Temperature in Nursing Home Residents Systematically Tested for SARS-CoV-2.

OBJECTIVES: Many nursing home residents infected with SARS-CoV-2 fail to be identified with standard screening for the associated COVID-19 syndrome. Current nursing home COVID-19 screening guidance includes assessment for fever, defined as a temperature of at least 38.0°C. The objective of this study was to describe the temperature changes before and after universal testing for SARS-CoV-2 in nursing home residents.
DESIGN: Cohort study. SETTING AND PARTICIPANTS: The Veterans Administration (VA) operates 134 Community Living Centers (CLC), similar to nursing homes, that house residents who cannot live independently. VA guidance to CLCs directed daily clinical screening for COVID-19 that included temperature assessment. MEASURES: All CLC residents (n = 7325) underwent SARS-CoV-2 testing. We report the temperature in the window of 14 days before and after universal SARS-CoV-2 testing among CLC residents. Baseline temperature was calculated for 5 days before the study window.
RESULTS: SARS-CoV-2 was identified in 443 (6.0%) residents. The average maximum temperature in SARS-CoV-2-positive residents was 37.66 (0.69) compared with 37.11 (0.36) (P = .001) in SARS-CoV-2-negative residents. Temperatures in those with SARS-CoV-2 began rising 7 days before testing and remained elevated during the 14-day follow-up. Among SARS-CoV-2-positive residents, only 26.6% (n = 118) met the fever threshold of 38.0°C during the survey period. Most residents (62.5%, n = 277) with confirmed SARS-CoV-2 did experience 2 or more 0.5°C elevations above their baseline values. One cohort of SARS-CoV-2 residents' (20.3%, n = 90) temperatures never deviated >0.5°C from baseline. CONCLUSIONS AND IMPLICATIONS: A single screening for temperature is unlikely to detect nursing home residents with SARS-CoV-2. Repeated temperature measurement with a patient-derived baseline can increase sensitivity. The current fever threshold as a screening criteria for SARS-CoV-2 infection should be reconsidered. Published by Elsevier Inc.

Older people with chronic illness are at greatest risk for severe COVID-19 outcomes. In early March 2020, 34 (33.7%) of 101 SARS-CoV-2–infected residents died in a 130-bed Washington State King County nursing home facility; overall mortality was 18%. A total of 50 of 170 health care personnel were infected, along with 16 visitors. These findings led to aggressive monitoring to detect disease, and to efforts to reduce transmission by keeping visitors and symptomatic staff out of the building, while isolating residents in whom COVID-19 was suspected or confirmed. However, of 76 residents with SARS-CoV-2 laboratory-confirmed infection, 57% were asymptomatic, suggesting that symptomatic monitoring will fail to provide timely disease detection and undermine effective outbreak control.

Because threshold symptoms and signs, such as a temperature of at least 38.0°C, have been used to determine who is tested, their frequency may underestimate SARS-CoV-2 population prevalence. Standard screening processes now routinely screen for COVID-19 by assessing for temperature >38.0°C. From the King County experience, , “fever” is limited as a screening criterion for COVID-19 in nursing facilities. Although the utility of fever as an indicator has been debated for older adults, , studies have reported that nursing home residents with pneumonia often present without fever , and have a lower basal temperature than community-dwelling older adults. The “older and colder” adage for nursing home residents may have statistical validity but poses challenges in guiding nursing facilities about fever during a pandemic.

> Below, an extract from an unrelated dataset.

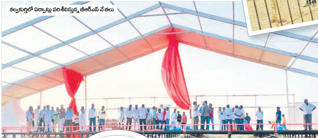
కల్వకుర్తిలో ఏర్పాటు పరిశీలిస్తున్న బీఆర్ఎస్ నేతలు

మహబూబ్ నగర్, నవంబర్ 18 (నమస్తే తెలంగాణ ప్రతినీడి) : బీఆర్ఎస్ అధినేత, ప్రగతి ప్రధాత కేసీఆర్ ఉమ్మడి జిల్లాలో నాలుగు ప్రజా ఆశీర్వాద సభల్లో నేడు పాల్గొంటున్నారు. జోగు లాంబ గద్వాల, నాగర్ కర్నూల్ జిల్లాలో ఎన్నికల జైత్రయాత్ర చేపట్టనున్నారు. ఈ మేరకు ఆయా నియోజకవర్గాల్లో పార్టీ అభ్యర్థులు, నాయకులు ఏర్పాట్లు చేస్తున్నారు. పెద్ద ఎత్తున జనసమీకరణ చేసే సభను విజయవంతం చేసేందుకు పోటాపో టీగా ఏర్పాట్లు చేస్తున్నారు. అసెంబ్లీ ఎన్నికల తుది అంకం ఘరూ కావడంతో కేసీఆర్ ప్రజాఆశీర్వాద సభలను చాలెంజ్గా తీసుకుని పార్టీ శ్రేణులు ఏర్పాట్లతో తలమునకలయ్యారు. మధ్యాహ్నం ఒంటిగంటకు అలంపూర్లో ప్రజాఆశీర్వాద సభ ప్రారంభంకానున్నది. మధ్యాహ్నం 2 గంటలకు కొల్లాపూర్లో, సాయంత్రం 3 గంటలకు నాగర్ కర్నూల్, 4 గంటలకు కల్వకుర్తిలో జరిగే ప్రజాఆశీర్వాద సభల్లో పాల్గొంటారు. పార్టీ అధినేత రాకతో ఆయా నియోజకవర్గ కేంద్రాలు గులాబీ మయంగా మారాయి. సభా వేదిక చుట్టూ భారీ కటాట్లు, ఫ్లెక్సీలు ఏర్పాటు చేశారు. రహదారులన్నీ జెండాలు, ఫ్లెక్సీలతో నిండిపోయాయి. గ్రామాల నుంచి పెద్దఎత్తున జనం కదలివస్తుండడంతో పోలీసు యంత్రాంగం భారీ బందోబస్తు ఏర్పాటు చేసింది. ఎక్కడ ఎలాంటి ఇబ్బందులు కలుగ కుండా సభా ప్రాంగణం చేరుకునేలా ఏర్పాట్లు చేస్తున్నారు. వివిధ ప్రాంతాల నుంచి వాహనాలను ఎలాంటి ఇబ్బందులు లేకుండా పార్కింగ్ చేసుకునేలా చదును చేశారు. జనాల వచ్చి పోవడానికి ఇబ్బందులు లేకుండా పార్టీ నాయకులు అన్ని ఏర్పాట్లు చేస్తున్నారు. నవంబర్ 16వ తేదీన కేసీఆర్ ఉమ్మడి జిల్లాలో ఏకంగా నాలుగు సభల్లో పాల్గొ

Although COVID and pneumonia can elevate temperature from within an individual's usual range, an absolute, universal cutoff for fever may miss potentially important temperature perturbations. With infection control practices presently dependent on a threshold temperature criterion to determine fever, we need to better understand the value and limitations such a threshold adds to identifying people infected with SARS-CoV-2 or appropriate actions for additional screening, especially in a nursing home context. We hypothesized that most residents of Veterans Administration Community Life Centers (CLCs) infected with SARS-CoV-2 do have temperature elevations well ahead of a confirmatory test, but also that peak temperatures will not typically meet the current screening criterion threshold of 38°C that follows the Centers for Disease Control and Prevention's (CDC) guidance. ,

Methods

This study was approved by the Providence Veterans Administration Medical Center's Institutional Review Board.

Setting and Context

The VA Healthcare System (VHA) owns and operates 134 CLCs, providing a nursing home environment that serves 8800 veterans on a daily basis. The recognition of COVID-19's emerging risk specific to veterans in CLCs drove a decision by the VHA to try to systematically identify, isolate, and care for CLC veterans with asymptomatic SARS-CoV-2 infection or COVID-19. On March 10, 2020, the VHA issued isolation and temperature guidance to CLCs, including daily monitoring of temperature. On April 14, 2020, VHA guidance required 1-time universal SARS-CoV-2 testing of all CLC residents and staff. The purpose of this analysis was to compare temperature trends and identify maximum temperatures in nursing home residents 14 days before and after systematic testing for SARS-CoV-2 throughout VHA CLCs.

Cohort

Using VHA electronic records, we identified veterans residing in CLCs during the period of March 1, 2020 until May 4, 2020. Veterans who were not tested for COVID-19 were excluded, as were those tested before admission to the CLC. In addition, we excluded those who were symptomatically tested because of symptoms before universal testing. Demographic descriptors were collected from the electronic medical records.

Temperature Measurement

Each CLC uses standard equipment to measure temperature, and enters the reading into the electronic medical record. In most CLCs, temperature is uploaded directly to the electronic medical record from the vital signs machine. Based on CDC guidance, the fever threshold was established at 38.0° C. , For this analysis, we selected the first temperature after 4 am for analysis. We assessed temperatures in the 2 weeks before and after SARS-CoV-2 testing. To establish a baseline temperature for each resident, we calculated the mean of 5 temperatures before our window of interest.

COVID-19 Measurement

We identified SARS-CoV-2 polymerase chain reaction (PCR) testing results from the VA's electronic medical records. The VHA developed a harmonized definition of SARS-CoV-2 test results, requiring a PCR test from a certified laboratory.

Statistics

Those with reverse-transcriptase PCR–confirmed SARS-CoV-2 infection and those without were compared graphically and statistically. Continuous variables were confirmed with a Student's t-test; categorical variables were compared with χ2. Missing temperature data are described in online Supplementary Material 1. Analyses were performed in R 3.6.1; plots were created with the ggplot2 package.

Role of the Funder

The funder had no role in the design, data collection, analysis, interpretation, or writing of this study.

Results

The cohort consisted of veterans (n = 7325) residing in CLCs. A total of 453 (6.0%) veterans tested positive for SARS-CoV-2. Those in whom SARS-CoV-2 was confirmed were older (76.2 vs. 74.2 years, P < .001) than those with negative results (Table 1 ). Racial differences were small and without statistically significant differences. SARS-CoV-2–positive residents had a higher maximum temperature (37.7 vs. 37.1°C, P < .001). In both cohorts, the baseline temperature was 36.6°C (SD ± 0.2) and a temperature deviation of 2 SD is approximately 0.5°C.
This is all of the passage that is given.